Fabrice Raspati Auteur

Fabrice Raspati Auteur

Philippe / Antecumpata/ Guyane

IMG_20190101_161047.jpg
 

 

Philippe est sec comme un de ces bois morts qu’on trouve dans la forêt et qu’on ne saurait casser. Nerveux, le regard toujours inquiet. Il parle vite, très vite d’un langage étudié et construit. Un beau français élaboré. Il lit beaucoup, cela se sent: de la littérature, des essais, de l’histoire, de la sociologie, de la philosophie. Il lit pour s’apaiser et il s’apaise le temps de la lecture. Après il redevient inquiet. Il assène sa vision du monde sous formes de monologues imposés et laisse son interlocuteur groggy. Il s’arrête toujours de lui-même, comme si sa propre logorrhée l’étonnait. Philippe hait l’hypocrisie, les masques rances et obligés de la société et souffre du constat que les siècles passent et que les mauvaises habitudes restent. Philippe a la peau complètement à vif.

 

Mimissikou est de petite taille. On dirait que ses pieds sont sous terre, vissés aux racines des grands arbres de la forêt. Il est calme et chacun de ses gestes est juste. C’est un des anciens du village. Quand on lui parle c’est comme si son regard venait à l’intérieur de son interlocuteur. Il laisse les mots faire leur chemin de son jusqu’à lui. Il écoute jusqu’à ce que la parole soit finie. Ensuite, il y a toujours un silence.

 

 

Pour sentir si cette parole venue par les airs à un écho. S’il n’y en a pas il ne dit rien. S’il y en a un, il répond d’une voix douce et assurée qui contraste avec les muscles saillants de ses bras et l’absence d’expression de son visage.

 

Philippe et Mimissikou vivent à Antecumpata, un village sur le fleuve Maroni accessible uniquement en pirogue. Philippe est infirmier au dispensaire et Mimissikou est là depuis la création du village. Antecumpata signifie village de l’homme blanc. Fondé par un français qui fit le choix il y a quarante ans de vivre comme un Wayana. Un vieux monsieur combattant de la cause indigène, désormais fatigué et dépité par les effets dévastateurs de l’alcool et des images des écrans sur les habitants de la communauté.

Philippe et Mimissikou se retrouvent souvent sur un banc devant les ruines cendrées du Tukucipan, le lieu de rassemblement pour les fêtes et les réunions politiques. Brûlé par un pétard lancé par un ivrogne, il n’a jamais été reconstruit.

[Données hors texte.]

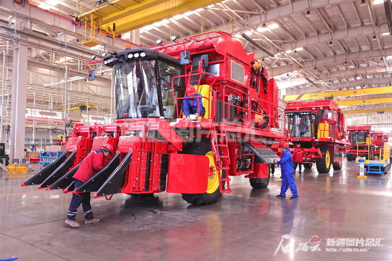 2024年3月12日,工人在位于五家渠市的新疆天鹅现代农业机械装备有限公司采棉机生产线上生产采棉机。李华北摄

Ils vont pêcher et chasser ensemble et aucun mot n’est prononcé. On écoute la forêt, on l’écoute jusqu’à ce qu’elle offre un craquement de branches ou un rayon de soleil qui vienne trouer la canopée et illuminer le sol humide.

On regarde la surface de l’eau pour surprendre un mouvement aquatique. Mimissikou se lève alors et plante son harpon pour en ressortir un poisson brillant à la gueule dentée. Il a appris à Philippe le bon geste et Philippe l’a convaincu de ne pas abuser de ce poisson pollué par les rejets de l’orpaillage.

Aujourd’hui ils reviennent au village avec un tapir. Philippe met les mains dans les entrailles de l’animal, taille dans son dedans avec une machette. Puis il repart avec un civet chaud dans une gamelle et rentre dans sa cabane sur pilotis. Calmé, cicatrisé, il déguste la chair fondante en regardant les enfants se laver dans le fleuve tourmenté par les courants.

Demain Philippe quitte le village pour un autre dispensaire.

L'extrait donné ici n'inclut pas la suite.